[fpc-pascal] Optional param modifier
Sven Barth
pascaldragon at googlemail.com
Sun Apr 14 19:38:38 CEST 2019
Am 14.04.2019 um 16:05 schrieb Ryan Joseph:
>> On Apr 14, 2019, at 3:15 AM, Sven Barth via fpc-pascal <fpc-pascal at lists.freepascal.org> wrote:
>>
>> Your idea requires exceptions as well. The compiler is not capable checking whether valid entries are passed in at compile time except for simple, constant cases, so runtime checks are needed and the only way to abort something is by exceptions.
> My idea didn’t require the procedure to exit so I don’t see where an exception would be needed. It just says if a param was flagged you would need to check for nil before dereferencing other you get a compile time error.
As already said by Martin: the compiler *can not* determine all cases
whether the parameter is Nil or not, so it *must* be done at runtime to
ensure this. Otherwise the feature is just as useful as this:
=== code begin ===
{$macro on}
{$define optional:=}
procedure Blubb(aArg: TObject optional);
begin
end;
=== code end ===
> I like the idea (because it feels Pascalish) to make a code section that checks requirements but the exit condition is up for debate. I personally wouldn’t use the feature if it meant I need to start the tedious process of wrapping everything in try blocks and taking on what performance costs there are to exceptions (we can’t opt into exceptions via modeswitch so I don’t know what those things are doing and where they are).

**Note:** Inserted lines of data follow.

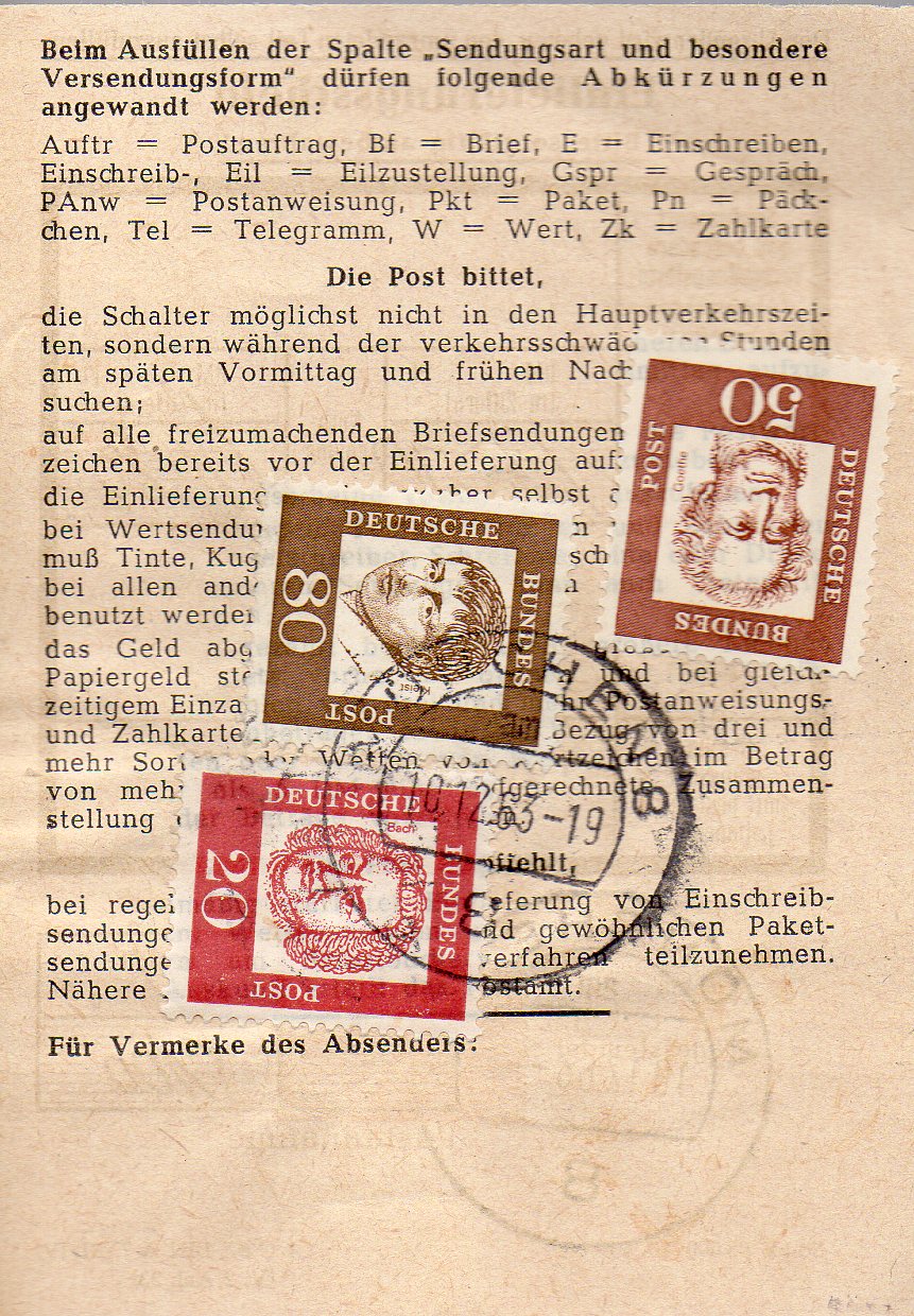 Einheiten der Dauerserie wurden meist von Sammlern verklebt, hier einmal ein Bedarfsbrief aus Bielefeld mit Nachgebühr, da das Sendungsgewicht über 20 g betrug.
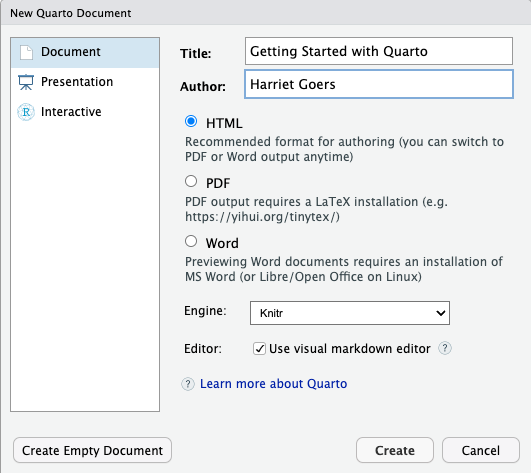 Open up a new Quarto document in RStudio:
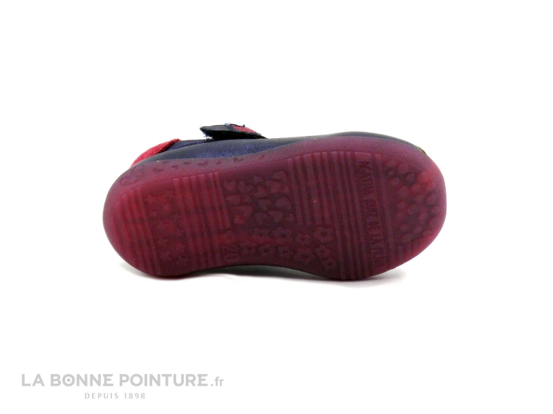 Cette chaussure enfant est en cuir métal bleu marine, avec le contrefort en cuir velouté rose.

As Martin said: this is an error condition like an Assert that should
trigger during development with the default result being a termination
of the application.
> We have custom error systems in our code also so forcing everyone into exceptions would not be nice. I could imagine a bail condition that was jumped to but it would have to be in the code section. That’s usually how we do it now anyways so it shouldn’t be too strange.
>
> function MakeHero (name: string; hp: integer; level: integer): THero;
> require
> name <> ‘’;
> hp > 0;
> (level > 0) and (level < 10);
> begin
> …
> bail
> MyCustomErrorHandler(‘MakeHero() params are invalid’);
> exit(THero.Invalid);
> end;
Invalid contracts are an error that should trigger during development,
but not necessarily when released. So coupling them with the default
exception mechanism is a valid solution.